Task objective: Given the entries below, would you transcribe exactly the lines starting at the one with "period more than" and ending at the one with "impres™ Smart Energy System", both kept, pictures omitted, nothing extra?

Stored records:
────────────────────
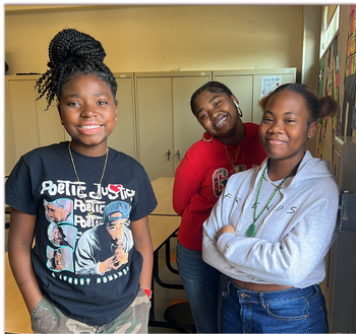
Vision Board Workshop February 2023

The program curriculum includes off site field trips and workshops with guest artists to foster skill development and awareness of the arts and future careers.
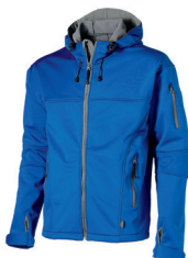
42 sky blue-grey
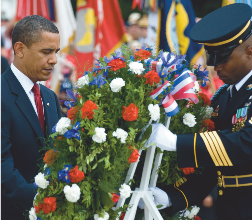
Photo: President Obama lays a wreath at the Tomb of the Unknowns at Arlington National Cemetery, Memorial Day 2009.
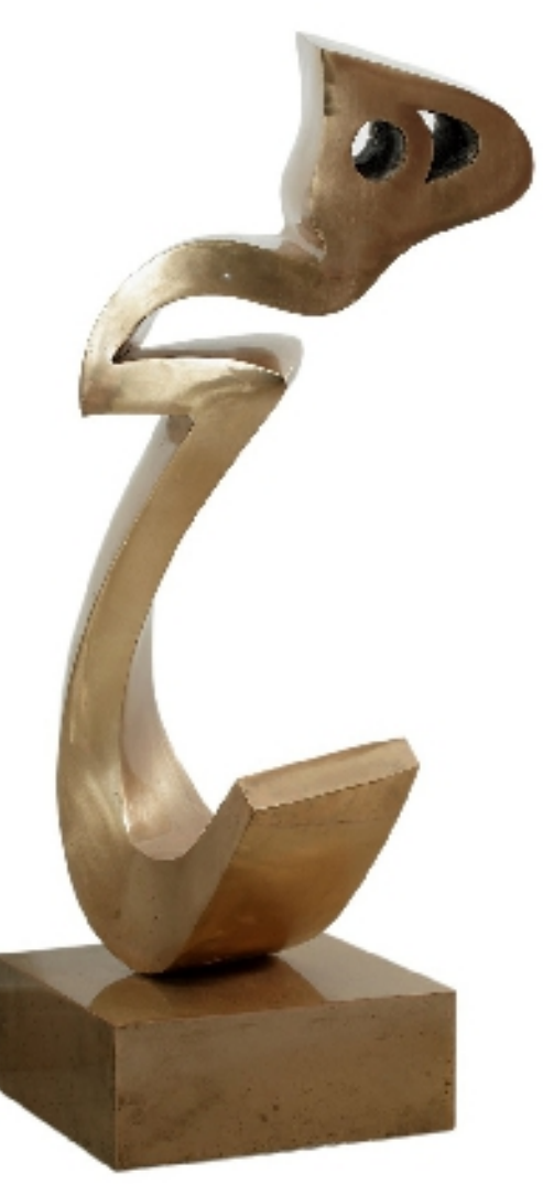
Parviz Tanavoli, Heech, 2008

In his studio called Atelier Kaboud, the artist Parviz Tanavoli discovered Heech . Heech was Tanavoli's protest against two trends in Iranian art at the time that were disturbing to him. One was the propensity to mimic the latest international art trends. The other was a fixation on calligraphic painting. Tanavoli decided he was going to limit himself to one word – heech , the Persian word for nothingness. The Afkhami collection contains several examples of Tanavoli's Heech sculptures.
────────────────────
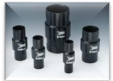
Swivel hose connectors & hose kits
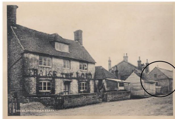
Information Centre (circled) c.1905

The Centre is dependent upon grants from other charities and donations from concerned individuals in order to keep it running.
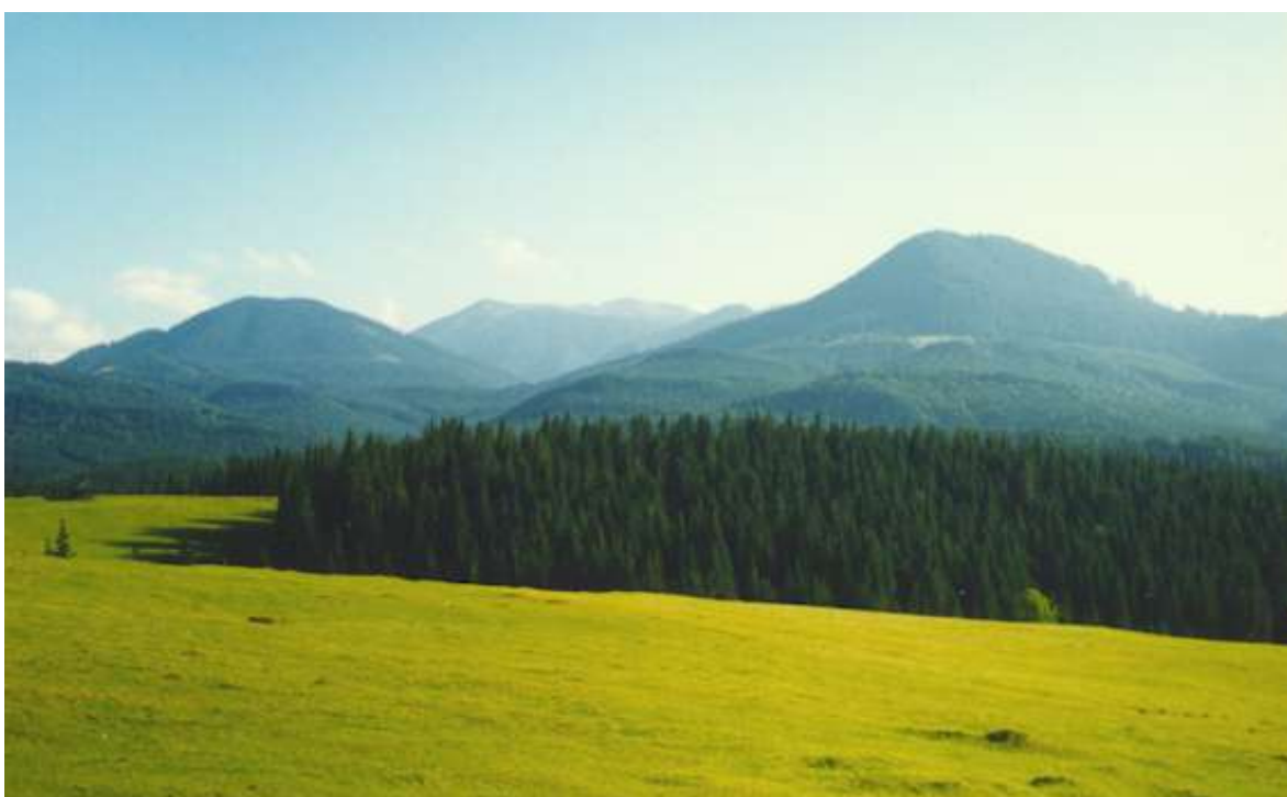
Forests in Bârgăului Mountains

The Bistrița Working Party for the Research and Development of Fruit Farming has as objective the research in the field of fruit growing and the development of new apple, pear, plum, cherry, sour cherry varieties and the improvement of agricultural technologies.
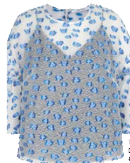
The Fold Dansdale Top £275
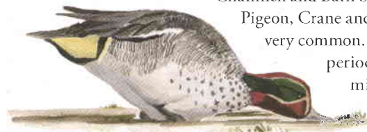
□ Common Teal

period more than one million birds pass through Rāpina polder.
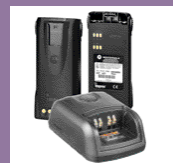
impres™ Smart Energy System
────────────────────
Written answer:
period more than one million birds pass through Rāpina polder.
impres™ Smart Energy System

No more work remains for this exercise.